In a lawsuit filed Tuesday in New York Supreme Court, Walmart claims Visa is forcing the retailer to allow chip-using customers to use signatures, even though signatures are essentially “worthless as a form of authentication.”

According to the The New York Times, a Walmart spokesman said in a statement:

This suit is about protecting our customers’ bank accounts when they use their debit cards at Wal-Mart. We have long advocated for ‘PIN verification’ as opposed to the less secure signature verification for debit transactions. PIN is the only truly secure form of cardholder verification in the marketplace today, and it offers superior security to our customers.

Currently, Walmart customers with chip-enabled cards are asked to use a PIN at checkout, but they have the option to use a signature instead. Walmart is hoping to make these transactions safer by standardizing PIN use, since it claims 91 percent of fraudulent debit card purchases are authorized with signatures.

Chip cards were developed as a safer alternative to standard magnetic strips.

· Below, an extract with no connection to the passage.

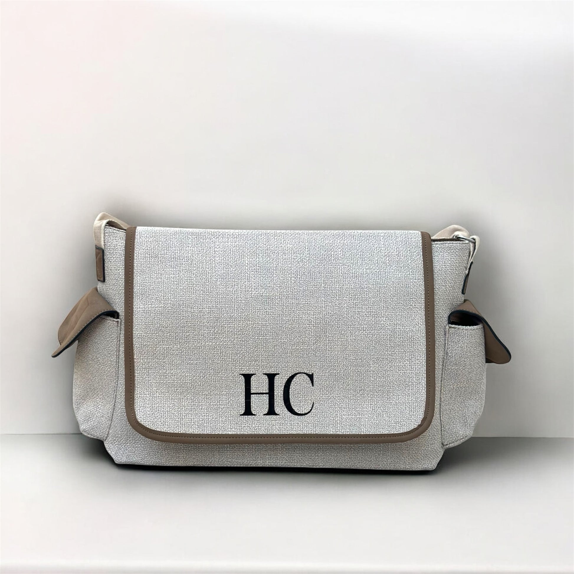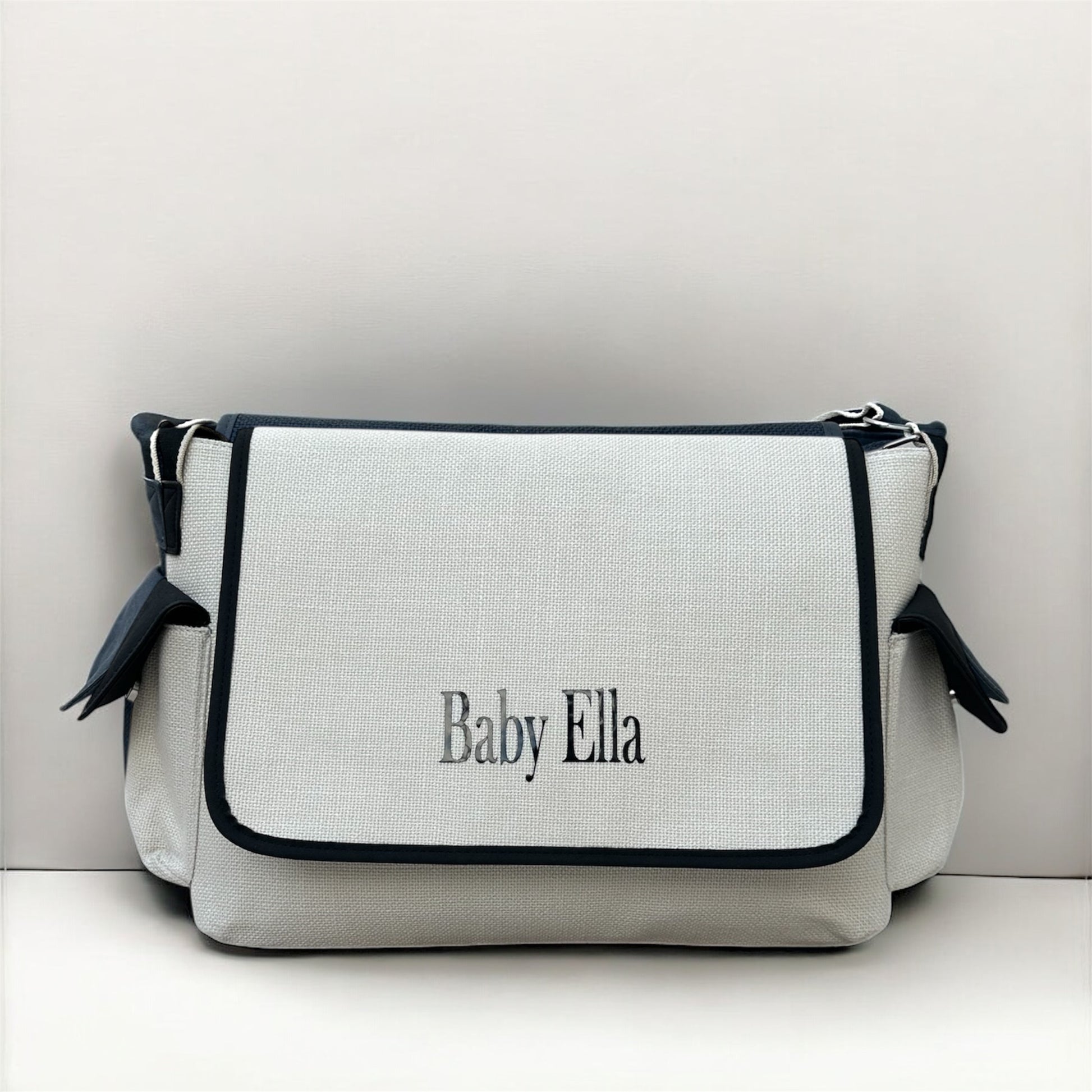 This personalised baby bag combines practicality with a premium, customised finish. Designed for parents who need a reliable everyday carryall, it offers generous space, thoughtful storage and a clean, modern look. Your chosen initials or name are added to the front of the bag, creating a distinctive and polished design. When a full name is selected, the text is adjusted in scale to maintain a balanced appearance.

These cards are able to encrypt and authenticate data for each transaction, rather than simply recite your credit card number and expiration date to any machine.

Retailers were required in October to install chip-reading terminals into their stores, or face the threat of being liable for fraudulent transactions. Prior to the deadline, banks were on the hook for these charges.

Walmart spokesman Randy Hargrove continued,

Visa has acknowledged in many other countries that chip-and-pin offer greater security. Visa nevertheless has demanded that we allow fraud-prone signature verification for debit transactions in our U.S. stores because Visa stands to make more money processing those transactions.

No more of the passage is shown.